From the first line to the last, return the data exactly, with no pictures.

[DATA FOR PROCESSING]
* * * *

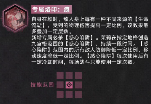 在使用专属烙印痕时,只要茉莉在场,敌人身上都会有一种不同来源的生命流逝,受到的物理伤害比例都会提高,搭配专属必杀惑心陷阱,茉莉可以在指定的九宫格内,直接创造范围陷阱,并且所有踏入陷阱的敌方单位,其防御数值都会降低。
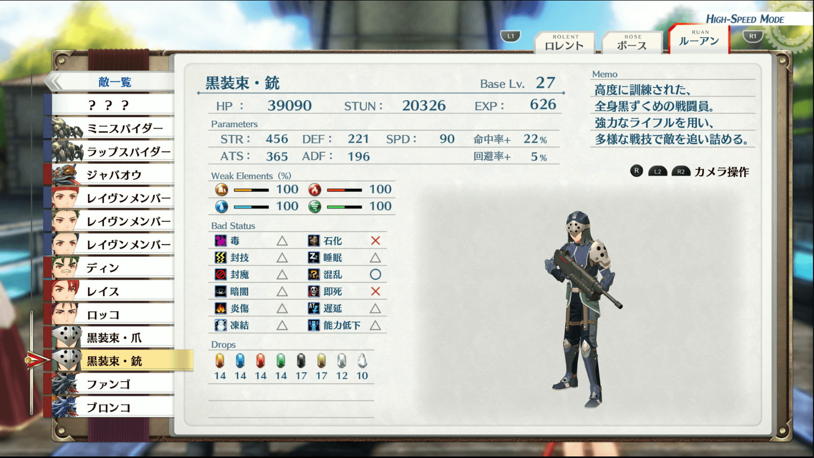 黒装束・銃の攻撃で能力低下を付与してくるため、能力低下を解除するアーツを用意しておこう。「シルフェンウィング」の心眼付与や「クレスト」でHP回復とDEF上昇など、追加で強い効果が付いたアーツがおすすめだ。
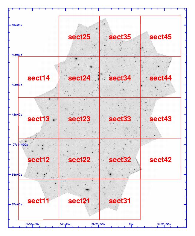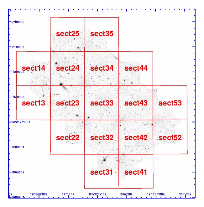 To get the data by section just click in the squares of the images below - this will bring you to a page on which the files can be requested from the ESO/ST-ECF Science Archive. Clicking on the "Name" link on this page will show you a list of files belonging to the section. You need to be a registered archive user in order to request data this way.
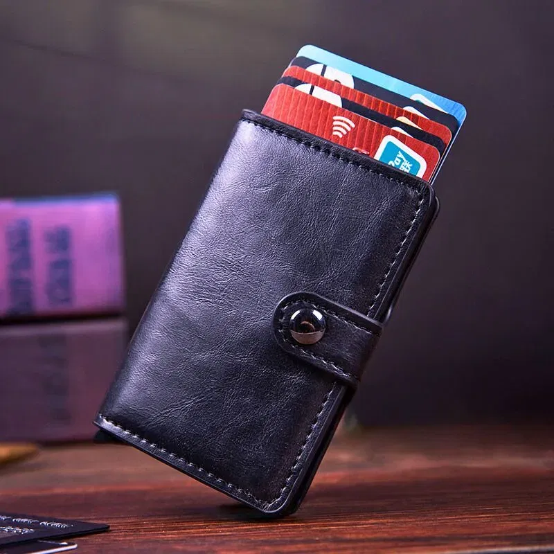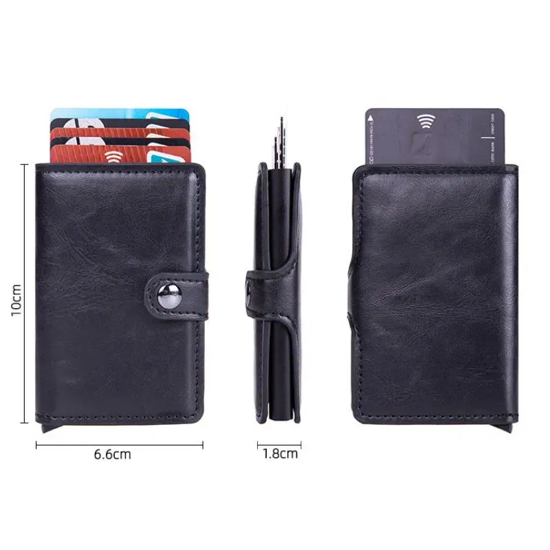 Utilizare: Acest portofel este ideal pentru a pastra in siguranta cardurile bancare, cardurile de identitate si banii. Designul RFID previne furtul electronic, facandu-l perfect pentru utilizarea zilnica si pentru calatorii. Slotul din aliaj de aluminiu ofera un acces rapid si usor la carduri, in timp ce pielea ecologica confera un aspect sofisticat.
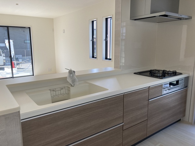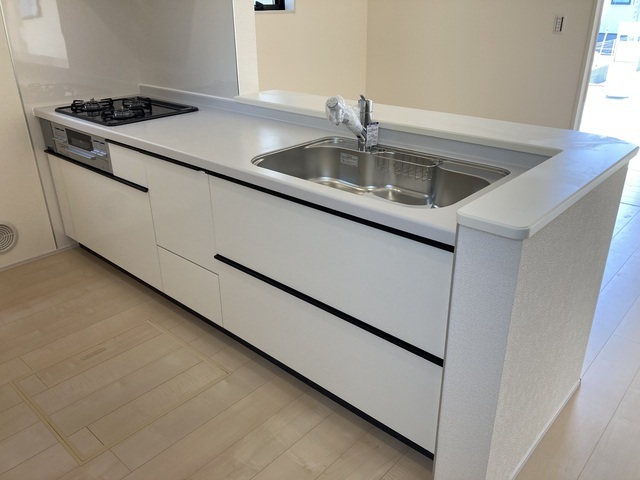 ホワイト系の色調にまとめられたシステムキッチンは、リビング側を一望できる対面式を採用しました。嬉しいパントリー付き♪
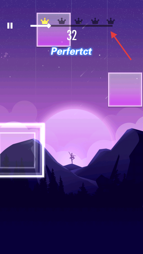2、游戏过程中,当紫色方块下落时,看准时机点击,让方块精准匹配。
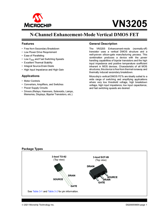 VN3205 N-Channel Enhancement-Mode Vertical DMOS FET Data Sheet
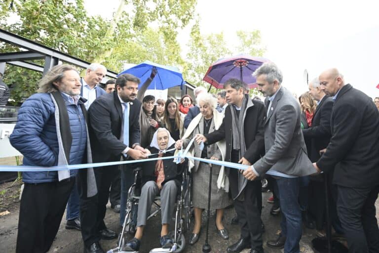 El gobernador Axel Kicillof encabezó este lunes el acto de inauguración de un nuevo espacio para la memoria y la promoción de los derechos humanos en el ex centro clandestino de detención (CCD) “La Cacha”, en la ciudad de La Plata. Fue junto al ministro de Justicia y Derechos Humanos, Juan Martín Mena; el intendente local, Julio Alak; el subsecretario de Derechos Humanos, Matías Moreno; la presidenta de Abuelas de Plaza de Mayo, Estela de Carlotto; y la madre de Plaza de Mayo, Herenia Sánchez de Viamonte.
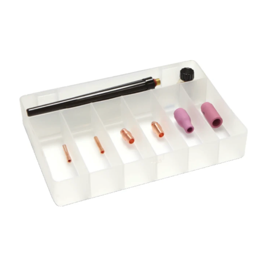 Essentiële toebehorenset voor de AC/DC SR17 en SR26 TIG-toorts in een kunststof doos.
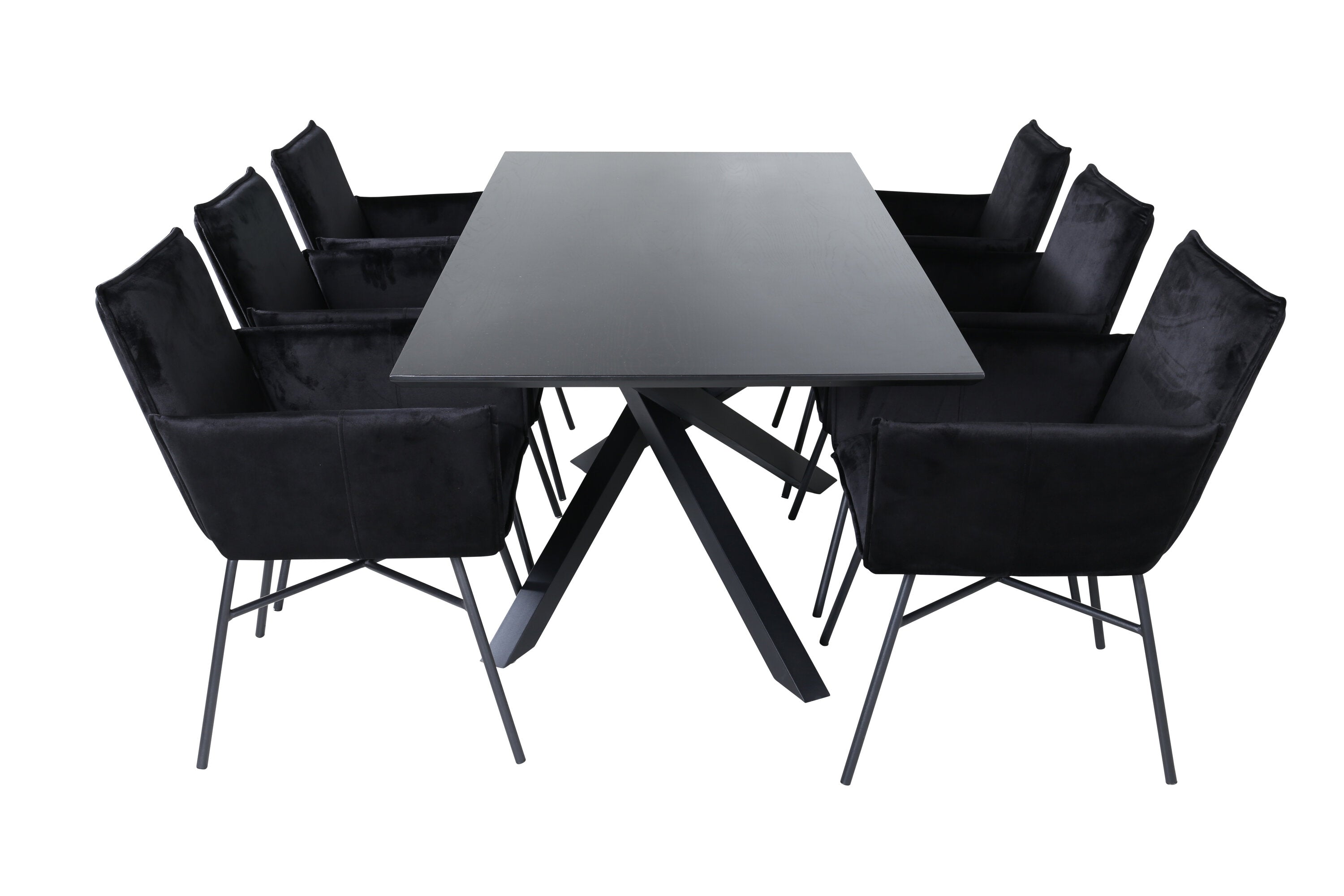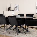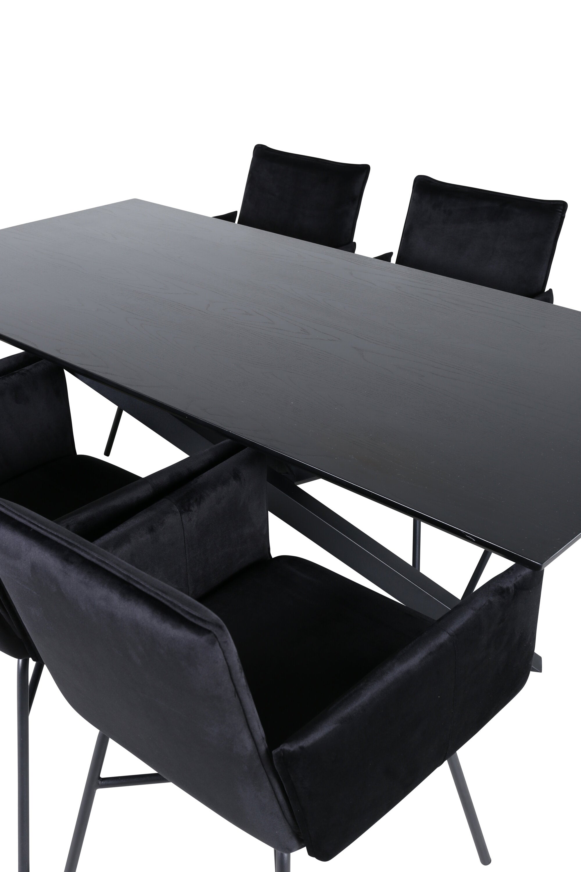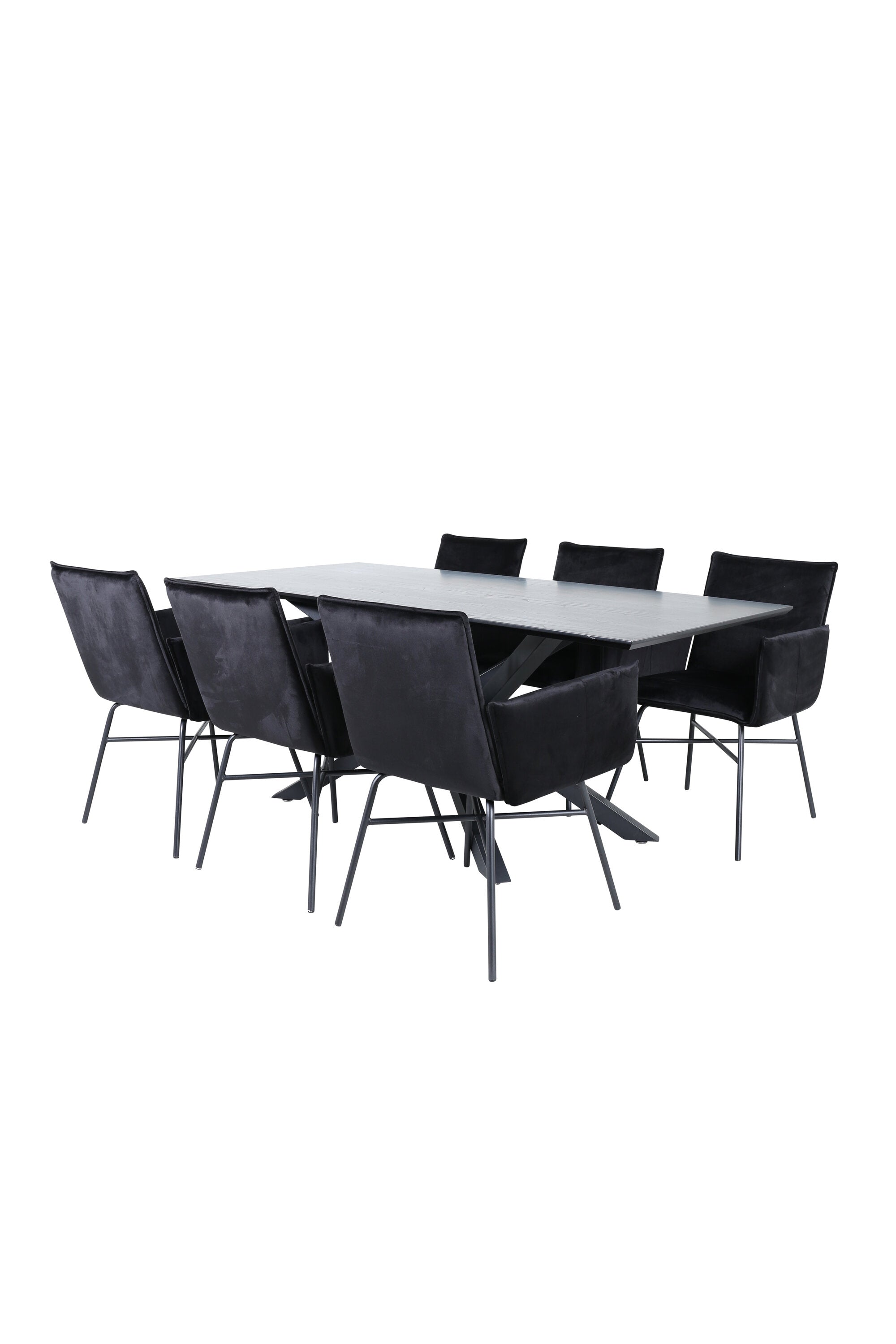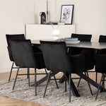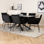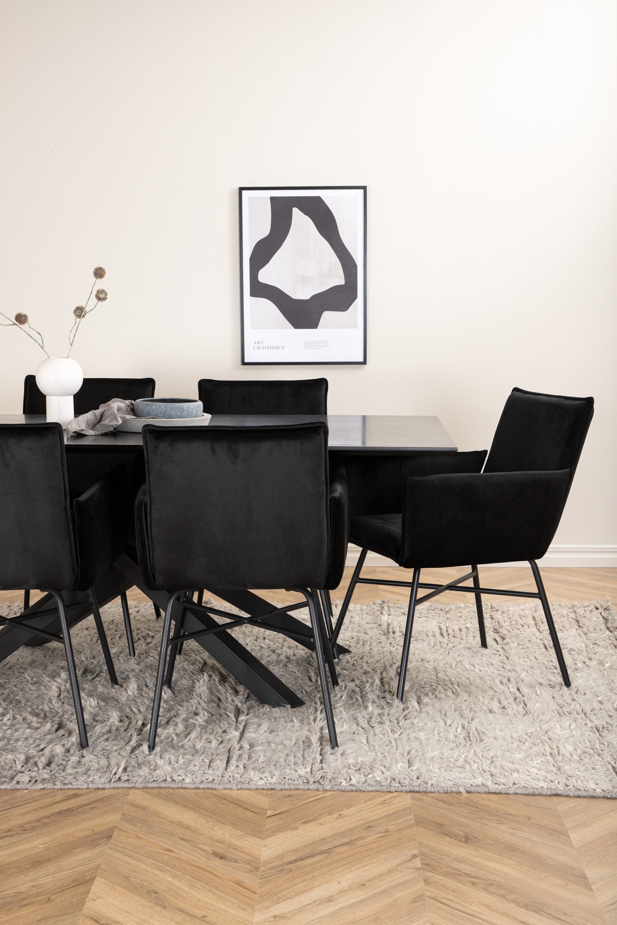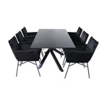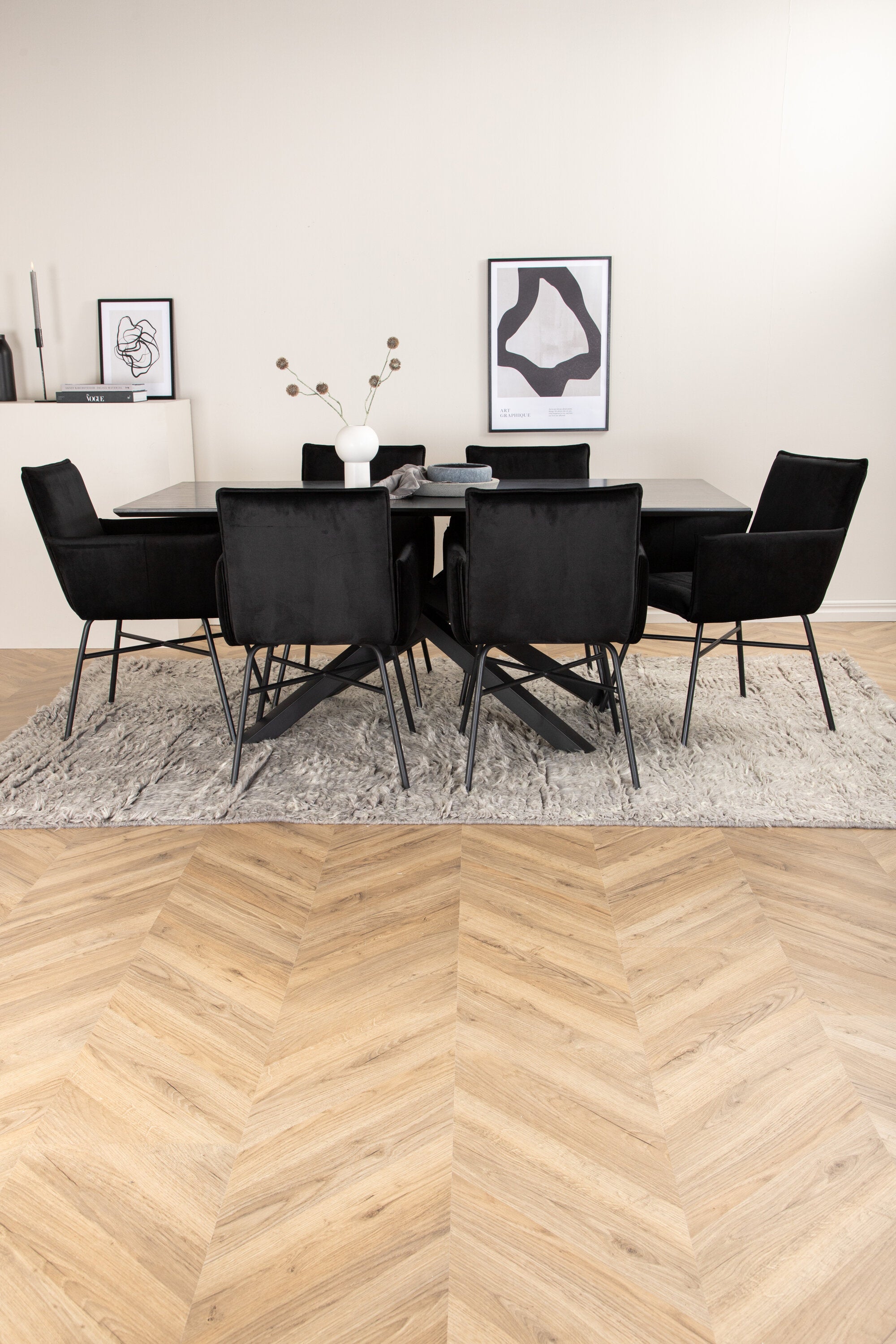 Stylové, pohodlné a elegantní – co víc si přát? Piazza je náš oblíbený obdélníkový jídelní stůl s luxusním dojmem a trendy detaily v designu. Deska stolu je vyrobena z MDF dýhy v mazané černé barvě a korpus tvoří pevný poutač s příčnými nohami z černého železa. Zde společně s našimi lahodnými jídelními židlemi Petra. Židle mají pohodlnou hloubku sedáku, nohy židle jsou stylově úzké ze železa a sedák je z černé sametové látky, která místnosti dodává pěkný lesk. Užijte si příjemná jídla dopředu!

* * * *

[TASK SOLUTION]
 在使用专属烙印痕时,只要茉莉在场,敌人身上都会有一种不同来源的生命流逝,受到的物理伤害比例都会提高,搭配专属必杀惑心陷阱,茉莉可以在指定的九宫格内,直接创造范围陷阱,并且所有踏入陷阱的敌方单位,其防御数值都会降低。
 黒装束・銃の攻撃で能力低下を付与してくるため、能力低下を解除するアーツを用意しておこう。「シルフェンウィング」の心眼付与や「クレスト」でHP回復とDEF上昇など、追加で強い効果が付いたアーツがおすすめだ。
 To get the data by section just click in the squares of the images below - this will bring you to a page on which the files can be requested from the ESO/ST-ECF Science Archive. Clicking on the "Name" link on this page will show you a list of files belonging to the section. You need to be a registered archive user in order to request data this way.
 Utilizare: Acest portofel este ideal pentru a pastra in siguranta cardurile bancare, cardurile de identitate si banii. Designul RFID previne furtul electronic, facandu-l perfect pentru utilizarea zilnica si pentru calatorii. Slotul din aliaj de aluminiu ofera un acces rapid si usor la carduri, in timp ce pielea ecologica confera un aspect sofisticat.
 ホワイト系の色調にまとめられたシステムキッチンは、リビング側を一望できる対面式を採用しました。嬉しいパントリー付き♪
2、游戏过程中,当紫色方块下落时,看准时机点击,让方块精准匹配。
 VN3205 N-Channel Enhancement-Mode Vertical DMOS FET Data Sheet
 El gobernador Axel Kicillof encabezó este lunes el acto de inauguración de un nuevo espacio para la memoria y la promoción de los derechos humanos en el ex centro clandestino de detención (CCD) “La Cacha”, en la ciudad de La Plata. Fue junto al ministro de Justicia y Derechos Humanos, Juan Martín Mena; el intendente local, Julio Alak; el subsecretario de Derechos Humanos, Matías Moreno; la presidenta de Abuelas de Plaza de Mayo, Estela de Carlotto; y la madre de Plaza de Mayo, Herenia Sánchez de Viamonte.
 Essentiële toebehorenset voor de AC/DC SR17 en SR26 TIG-toorts in een kunststof doos.
 Stylové, pohodlné a elegantní – co víc si přát? Piazza je náš oblíbený obdélníkový jídelní stůl s luxusním dojmem a trendy detaily v designu. Deska stolu je vyrobena z MDF dýhy v mazané černé barvě a korpus tvoří pevný poutač s příčnými nohami z černého železa. Zde společně s našimi lahodnými jídelními židlemi Petra. Židle mají pohodlnou hloubku sedáku, nohy židle jsou stylově úzké ze železa a sedák je z černé sametové látky, která místnosti dodává pěkný lesk. Užijte si příjemná jídla dopředu!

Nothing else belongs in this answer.